Compare embedding/NLP methods against LLMs for mapping PDP fields to LIF schema. Determine minimum viable model complexity for reliable schema mapping.
Raw CSV (in /data/schemas/ and /data/gold/):
pdp_schema_20260108.csv- Source schema (141 fields)reduced_lif_schema_20260108.csv- Target schema (521 fields)pdp_to_lif_mapping_20260109_w_manual_check.csv- Ground truth
Reference JSON (in /data/reference/, run python data/scripts/build_reference.py):
/data/reference/
├── pdp_gold_eval.json # 29 positive + 479 invalid targets
├── cdtl_gold_eval.json # 64 positive + 323 invalid targets
└── lif_fields.json # 521 LIF fields with has_source flag
Evaluation data:
| Schema | Positive Mappings | Invalid Targets | Total Eval Points |
|---|---|---|---|
| PDP | 29 (28 CLEAN, 1 SPLIT) | 492 | 521 |
| CDTL | 66 (64 CLEAN, 2 SPLIT) | 454 | 520 |
- Positive mappings: Verified source→target pairs (TP if matched)

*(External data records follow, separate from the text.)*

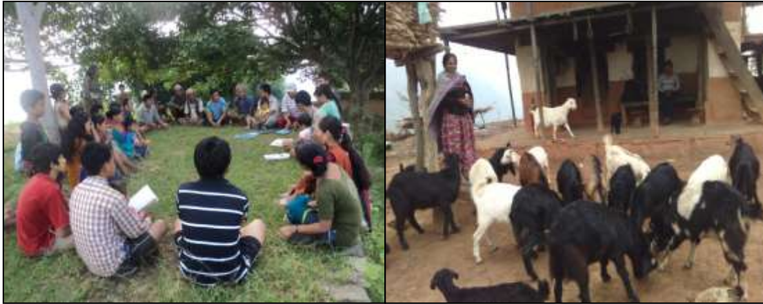
CO people are discussion in meeting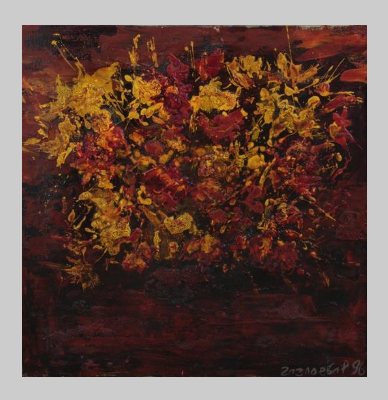
Still life, 1996 oil on canvas 80 x 70 cm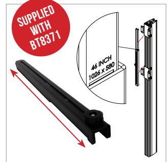
Screen spacer designed to eliminate calculations and guess work when installing horizontal rails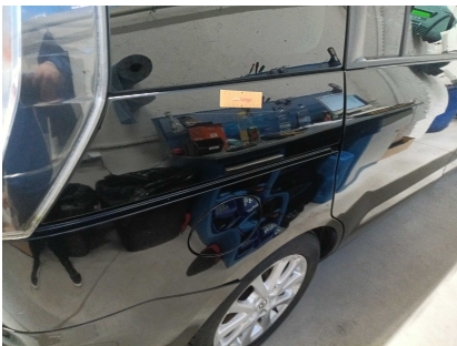
7. SIDE: Left and right side - visual damage / scratches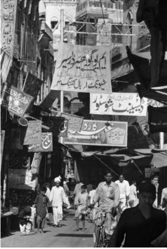
01_ Frank Horvat, Bazaar, Lahore, Pakistan, 1952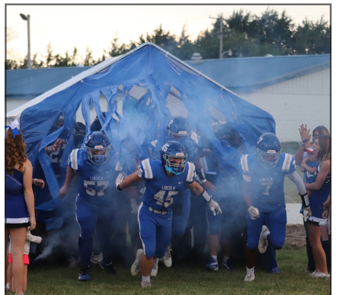
The Lincoln Leopards charge through their new tunnel, igniting the crowd with excitement as they take the field for another thrilling game under the Friday night lights.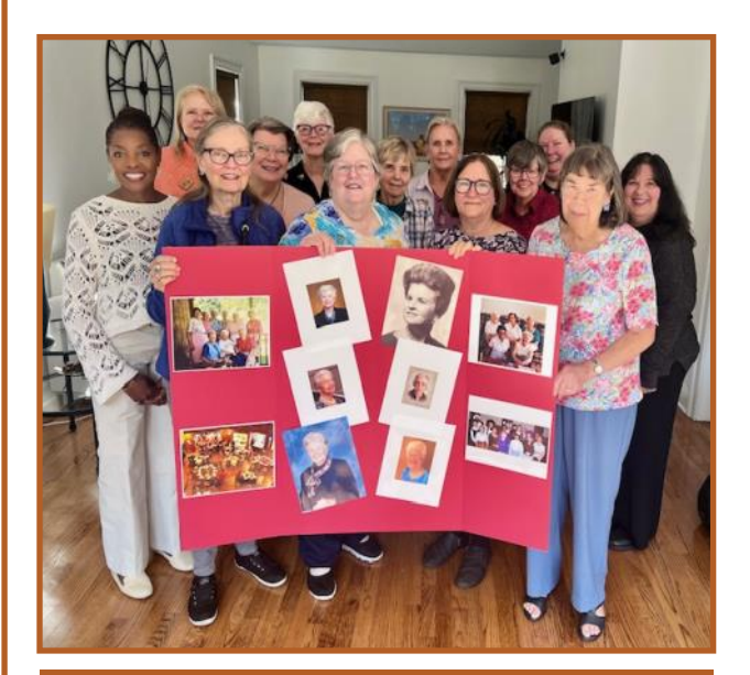
FHS Annual Meeting October 12, 2024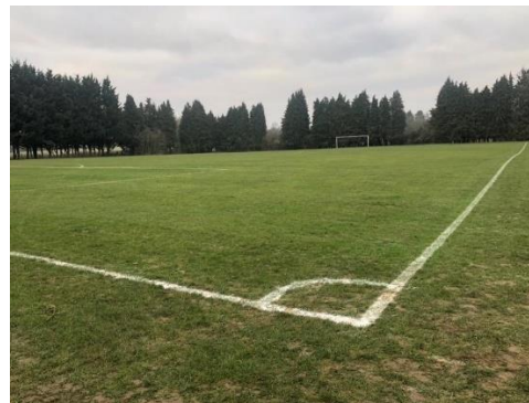
The Team and the local football pitch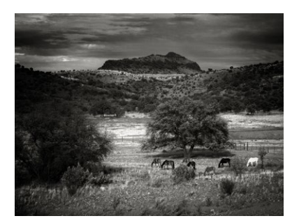
Horses at Prude Ranch - 27 Pete Holland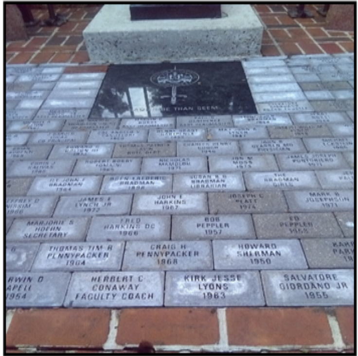
Top Photo: BMI Reunion 2022 Honor Guard. Left Photo: J.C Platt BMI VP rank CW04. Right Photo: Our newly installed pavers.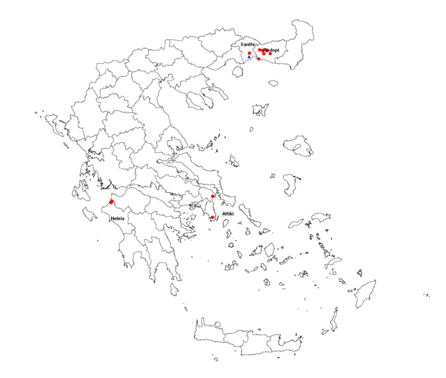
Figure 2: Map showing the estimated place of exposure of reported cases with laboratory diagnosed WNV infection, Greece, 2014 (n=15)*.

Calculations based on 2011 census data (Hellenic Statistical Authority).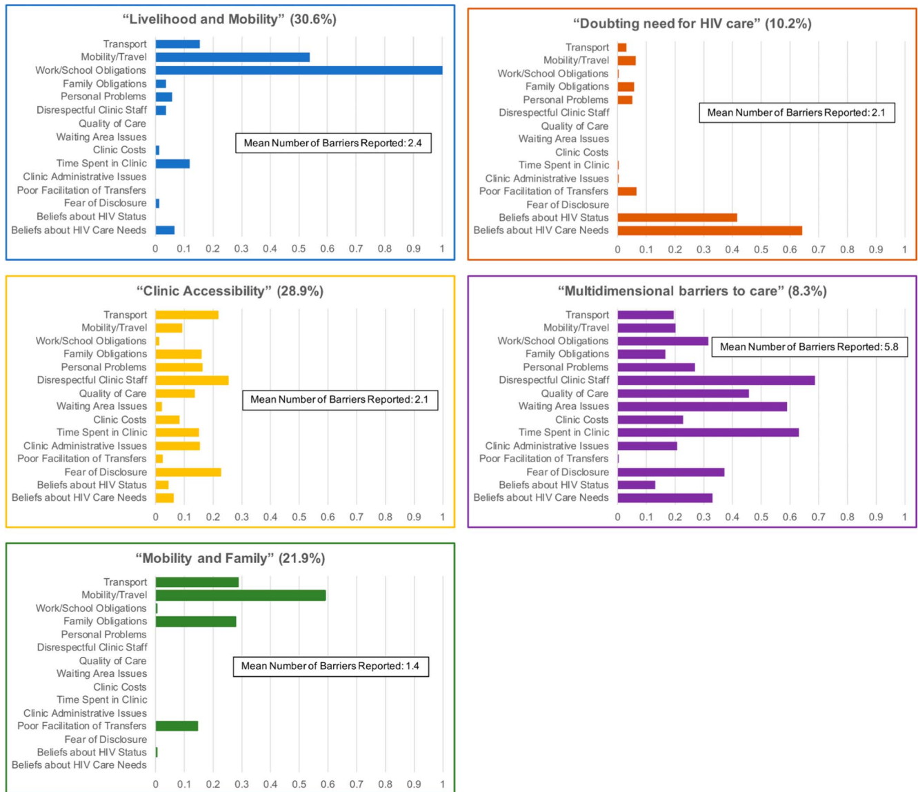
FIGURE 2. Profiles of care disruptions (n = 547). Patient profiles of care disruption are based on latent class models based on the patient-reported reasons for care disruptions and the number of reasons a patient reported. The estimated proportion of patients in each latent class are in parentheses at the top, and bars correspond to the probability of reporting a particular reason for care disruption within each class. Models used population-representative sampling weights after tracing a random sample of patients who were considered lost to follow-up as of July 31, 2015. full color online

We selected the model with 5 latent classes (ie, profiles of care disruptions) based on model fit and interpretability (Fig. 2). In this model, the first class were patients who reported predominately work/school obligations and mobility/travel challenges (mean 2.4 reasons) as reasons for their care disruptions (“Livelihood and Mobility” group) and accounted for 30.6% [95% confidence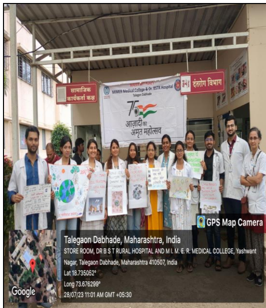
Group photo with all the participants OPD complex of Dentistry Department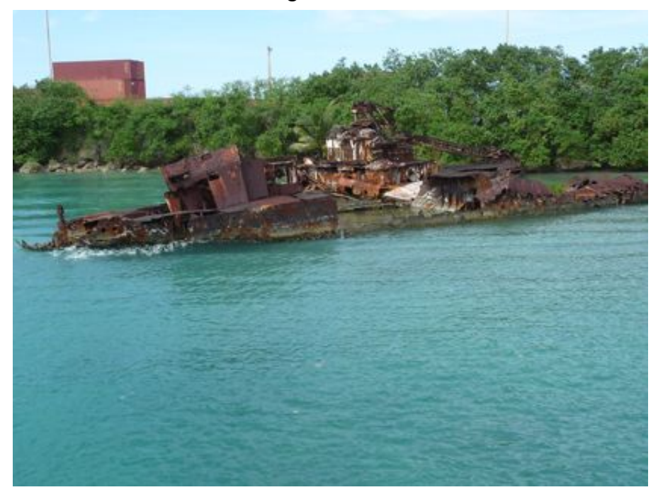
Japanese barge wreckage in Apra harbor

- Invalid targets: LIF fields with NO source (FP if predicted)
LIF combined status (lif_fields.json):
has_source=true: 92 fieldshas_source=false: 422 fieldshas_source=null: 7 fields
Path format: Schema.Path.Field (e.g., Person.Name.firstName).
| Type | Definition |
|---|---|
| CLEAN_MATCH | Direct 1:1 correspondence |
| SPLIT | One source → multiple targets |
| MERGE | Multiple sources → one target |
| NO_MATCH | No corresponding target |
| ID | Method | Library | Notes |
|---|---|---|---|
| E-01 | Fuzzy Matching | RapidFuzz | Multi-algorithm ensemble (6 algorithms incl. Jaro-Winkler, best score wins) with component-weighted scoring |
| E-02 | Static Embedding | potion-retrieval-32M | CPU-fast, 512-dim, retrieval-optimized |
| E-03 | Sentence Transformer A | all-MiniLM-L6-v2 | 384-dim, fast |
| E-04 | Sentence Transformer B | bge-large-en-v1.5 | 1024-dim, SOTA |
Protocol (Embeddings E-02 to E-04):
- Field representation: Simplify LIF paths to reduce noise:
- Source: normalize field name (expand abbreviations, split underscores) + description
- Target: schema + leaf field name + description (e.g.,
Person.Identifier.identifier→Person identifier) - Rationale: Deep paths like
CompetencyFramework.Competency.ProficiencyDefinition.identifieradd token noise without semantic value
- Generate embeddings for source and target representations
- Compute cosine similarity matrix
- For each source, rank targets by similarity
- Apply threshold T ∈ {0.5, 0.6, 0.7, 0.8, 0.9, 0.95}
- If top score > T: propose match; else: NO_MATCH
Protocol (Fuzzy Matching E-01):
- Normalize text: split camelCase, expand abbreviations (e.g.,
id→identifier) - Score each source-target pair using 6 RapidFuzz algorithms (ratio, partial_ratio, token_sort_ratio, token_set_ratio, WRatio, Jaro-Winkler), take maximum
- Compute weighted combination: 70% field name match + 15% description + 10% schema context + 5% full text
- Apply threshold (typically 0.90-0.95 for fuzzy vs 0.7-0.8 for embeddings—fuzzy scores reflect character overlap, not semantic similarity)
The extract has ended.